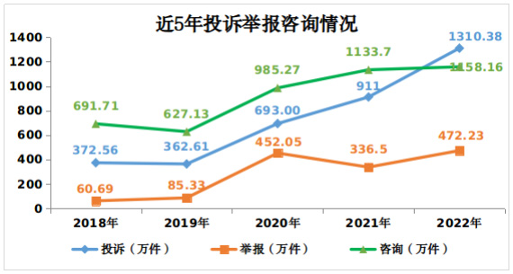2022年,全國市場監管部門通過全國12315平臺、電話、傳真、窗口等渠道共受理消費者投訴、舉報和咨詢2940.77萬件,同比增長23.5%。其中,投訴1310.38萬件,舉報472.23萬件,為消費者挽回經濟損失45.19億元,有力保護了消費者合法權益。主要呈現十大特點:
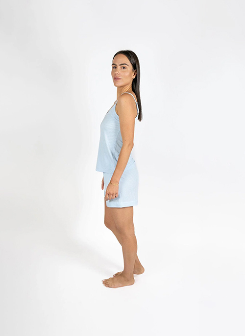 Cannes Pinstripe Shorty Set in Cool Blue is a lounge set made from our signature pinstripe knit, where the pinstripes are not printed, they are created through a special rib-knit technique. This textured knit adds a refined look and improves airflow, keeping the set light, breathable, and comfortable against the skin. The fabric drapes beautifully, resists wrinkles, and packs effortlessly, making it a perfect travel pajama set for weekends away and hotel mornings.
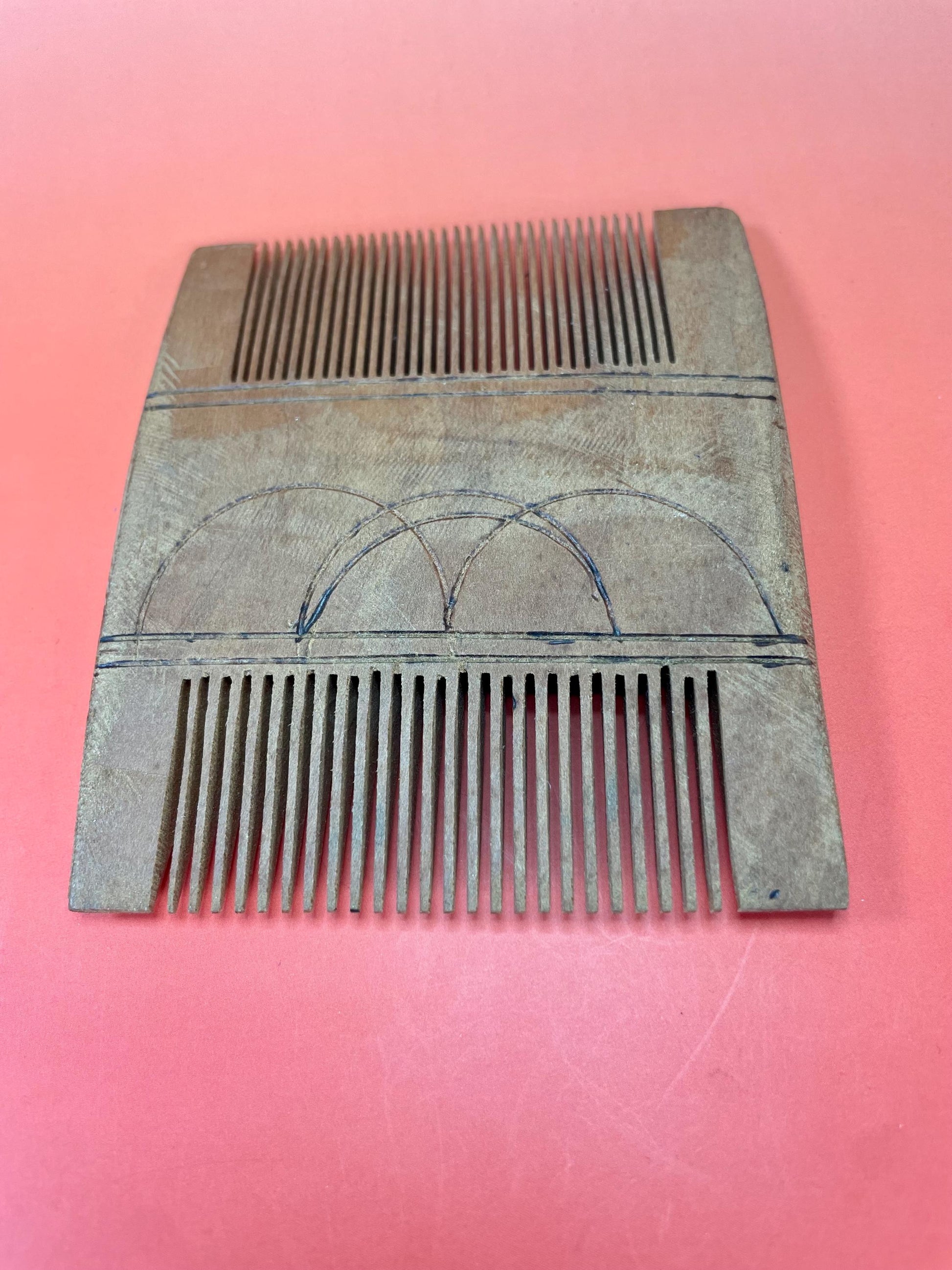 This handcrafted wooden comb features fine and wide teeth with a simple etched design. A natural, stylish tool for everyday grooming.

WORK TO COMPLETE -
Please retype the material above exactly, and omit its images.

YOUR RESPONSE -
2022年,全國市場監管部門通過全國12315平臺、電話、傳真、窗口等渠道共受理消費者投訴、舉報和咨詢2940.77萬件,同比增長23.5%。其中,投訴1310.38萬件,舉報472.23萬件,為消費者挽回經濟損失45.19億元,有力保護了消費者合法權益。主要呈現十大特點:
 Cannes Pinstripe Shorty Set in Cool Blue is a lounge set made from our signature pinstripe knit, where the pinstripes are not printed, they are created through a special rib-knit technique. This textured knit adds a refined look and improves airflow, keeping the set light, breathable, and comfortable against the skin. The fabric drapes beautifully, resists wrinkles, and packs effortlessly, making it a perfect travel pajama set for weekends away and hotel mornings.
 This handcrafted wooden comb features fine and wide teeth with a simple etched design. A natural, stylish tool for everyday grooming.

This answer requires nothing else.